What the results of this will be for New York are clear. Florida can’t institute its own estate tax without an amendment to its constitution. Thus, our southern competitor will once again be a temptation to the wealthy elderly, as it has been ever since Governor Rockefeller kicked the estate tax sky-high in 1959. Our vacation from the estate tax will have been a short one, proving to those who are planning for the long term — i.e., estate planners — that the rich ought not count on moving on to their reward from New York.
Pushing the wealthy out of New York will have consequences. Some of the wealthy will simply flee to lower-tax states, bringing with them their income and sales tax revenue. Even those who try to stay in New York but claim Florida as a residence will have their money diverted out of state before they die. As an attorney at Sullivan & Cromwell told us in May, wealthy New Yorkers with houses in low-tax states need to convince the New York State Tax Commission that they are not New Yorkers. That means filling out an affidavit as to whether a person registered to vote, paid income taxes, worked, operated a business, or joined churches or clubs in New York. All of these activities could be discouraged for rich New Yorkers who don’t want Empire State revenuers to get their hands on the children’s inheritance.

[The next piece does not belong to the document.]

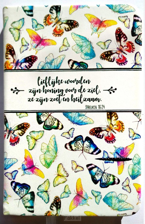 Dit zacht kunstleren schrijfboek heeft de geillustreerde afbeelding van de tekst: 'Lieflijke woorden zijn honing voor de ziel, ze zijn zoet en heilzaam. Spreuken 16:24'

This month or next, state lawmakers will sit down with representatives of the New York State bar association. The bar’s representatives plan to lobby, as they have in the past, for lower estate taxes — specifically, for harmonizing New York’s tax to the federal credit. There’s a simple reason for this: It keeps the estate planning business in New York, as opposed to hundreds of miles south. Messrs. Pataki and Bruno will have to confront the question of whether the bar’s interests and the state’s are so different. At a time when the state and city tax systems depend so heavily on the top earners, do we really want to push the thousands of New Yorkers with estates worth more than $1 million — and hundreds with estates worth more than $10 million — into the arms of the Sunshine State?